Maintain relationships! Friends, family, don’t let it slide because you’re too busy studying.
Q. Now, you’ve been there and done that. What are some misinformation points you’ve heard about being a premed or applying that you believe to be false, at least from your experience?
The biggest thing I think is that you need a perfect GPA and perfect MCAT score, or that having X hours of these activities are all it takes. Or that it’s guaranteed to get in if you have those things. And you see this everywhere. “My friend has a 4.0 and a 42 MCAT and thousands of hours of volunteering and research and didn’t get in” or the other commonly seen thing “I need a 4.0 and a 42 etc in order to have a shot.”

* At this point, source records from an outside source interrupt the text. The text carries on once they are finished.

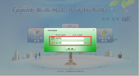 2、点击【专家评委登录】输入评委评标的账号密码,登录系统。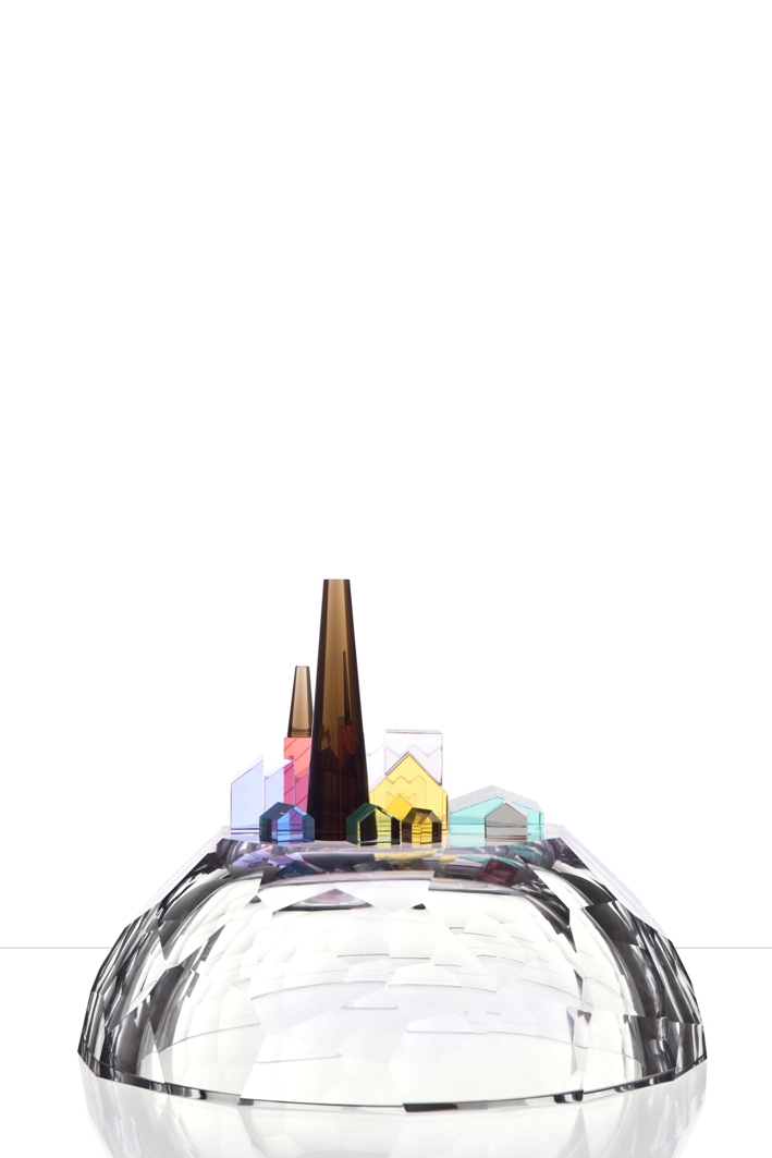 Dekorativní objekt ze skla představuje minimalistickou a poetickou krajinu vytvořenou z ručně broušeného skla a barevných prvků z rytého skla. Tyto základní stavební kameny Vám umožní vytvářet, skládat a měnit svůj vlastní symbolický svět. Hlavní kupole je ručně tvarována. Set obsahuje 17 kusů barev BERIL zelená, ALEX fialová, ROSALIN růžová, ENDOR žlutá a AQUAMARINE modrá. Hmotnost je 3,5 kg.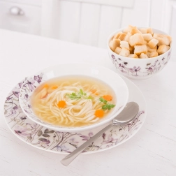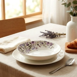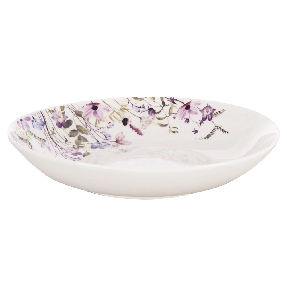Takket være den passende dybde og kapacitet på 600 ml kan du nemt servere supper, cremer, pasta eller müsli. Kvalitetsporcelæn er holdbart og let at vedligeholde – tallerkenen kan gå i opvaskemaskinen og tåler opvarmning i mikroovn. Den klassiske runde form og blomsterdekoret kan let kombineres med resten af dit stel.

Yes, you need decent numbers, but that will only get you so far. We have to learn from our experiences in order for them to count. The hours spent doing an activity are usually correlated with learning and reflecting, but the hours themselves don’t mean anything
The other thing about applying that I saw a lot is the obsession with school rank and the numbers. It’s not all a numbers game. Schools have different missions, different focus points that they look for in their applicants
The smart applicant will choose schools that they will fit into, whose goals are in line with the applicant’s, or the applicant feels he/she can contribute to
The process feels like a crapshoot. To some extent, it probably is, but that doesn’t mean that applicants can’t maximize their chances. Obsessing over numbers won’t get you anywhere. and the thing is, just because your experiences don’t fit into one school doesn’t mean they don’t fit somewhere else. For instance, I was rejected outright from BU! But I got in somewhere. And you got into BU! And were rejected from other places we all have different strengths, just have to play to them. it takes some serious self-reflection and honesty on the applicant’s part. Still, no one’s saying it’s not competitive. But…always remember the numbers aren’t everything. My GPA sucked, and I got in somewhere.
Thanks for reading! I’ll try to keep posting while moving!